Ribbon movie review: Kalki Koechlin, Sumeet Vyas' invested performances tie this film together
Though are some moments of note, if Ribbon works at all, it is credit to Kalki Koechlin’s and Sumeet Vyas’ committed and convincing performances.
In modern times, a double income-earning couple is not uncommon. But when the wife gets pregnant, it is often she who must make the maximum sacrifices and commit herself to child rearing. In the case of the upwardly mobile Sahana and Karan, both on a career fast track, news of a pregnancy is received differently. She’s sure it is bad timing, he’s convinced all will be well. This story of urban relationships runs through a gamut of issues and angst affecting a modern working couple that must adjust to an unplanned pregnancy.
Over the course of the film, we see the baby being born, Sahana returning to work, Karan taking on additional assignments to pay off mounting debts, issues with gender discrimination at Sahana’s work place, the complexities of hiring a nanny, life improving and then throwing a curve ball just when the family settles into a cushy life.

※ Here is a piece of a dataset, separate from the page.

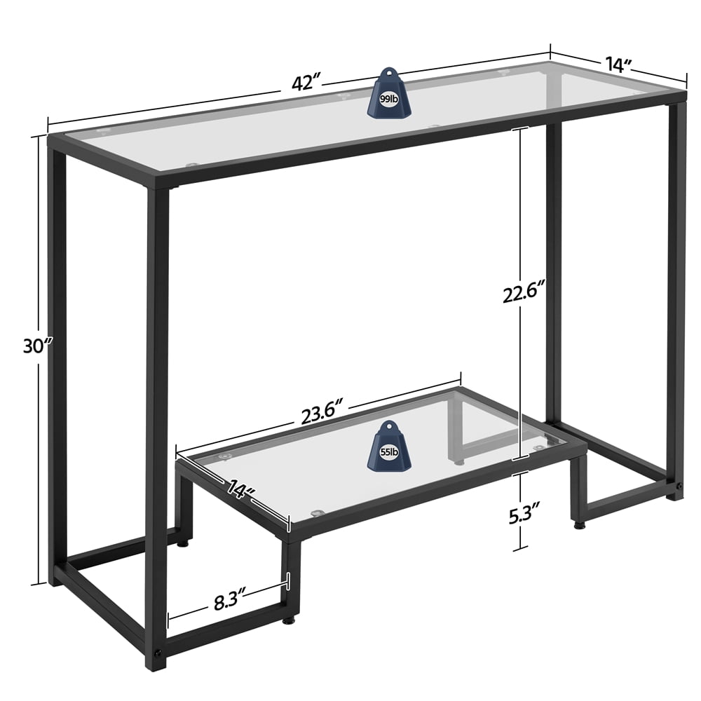 $56.75Crafted out of strong tempered glass and a protective coating covered iron, this porch table boasts great durability, stability and weight capacity. Even under the bump of your dog, it will also standstill. The multilayer structure allows it to accommodate books, magazines, and display plants and decorations. You can also apply it in your study to work as your bookshelf, in your kitchen to serve your delicate dishes or by your sofa to accommodate the stuff you need at hand. This 2-layer glass console table boasts great adaptability, which except for working as a console table, can also serve as a storage shelf and display table in your home or office, a behind couch table in your living room, a flower stand in your balcony or a modern glass table to accommodate your delicate dishes in your kitchen or dining room.

The insight, the unique take that you impatiently await as this mundane drama plays out, remains undelivered by the writers and director. If you are engaged at all, it is owing to the efforts of Kalki Koechlin and Sumeet Vyas who immerse themselves in their parts. The story is mostly told from Sahana’s point of view. But you wish for a little more of Karan’s perspective too.
Most working parents speak of the guilt of leaving a newborn/ toddler as they pursue careers. This is unexplored by writers Rakhee Sandilya (also the director) and Rajeev Upadhyay. A nanny is hired without any due diligence. From the moment she first rings the doorbell, you can see bad news written all over her yet Sahana relies on an app for the reference.
As she busies herself getting back to her job, director Sandilya drives home the deeply entrenched gender discrimination against working mothers. Gender discrimination is a strong element of the story and one of the many headlines that the story touches on that is actually explored in some depth. But the actors playing managers, colleagues, interviewers and bosses are so amateur that the scenes are inadvertently comical. In fact, several of the supporting cast members overact in jarring contrast to Koechlin and Vyas’s controlled performances.
Some of the working mothers who watched the film with me commented that their lives are not as mundane as that of Karan-Sahana. And it’s the series of uninteresting events in their lives that makes the film seem longer than its one hour 46 minutes running time.
Although Sandilya’s documentary-like style of having the camera follow the characters from behind gets clumsy at times in a feature narrative (you can sense from the actors that they have been instructed to 'ignore’ the camera), she smoothly handles the transition of time moving the story along over a period of some years.
While several societal and emotional comments are underscored, there is scant exploration of several compelling issues, not even the plot twist in the final act.
Not all ideas translate well to film and though are some moments of note, if Ribbon works at all, it is credit to Koechlin’s and Vyas’ committed and convincing performances.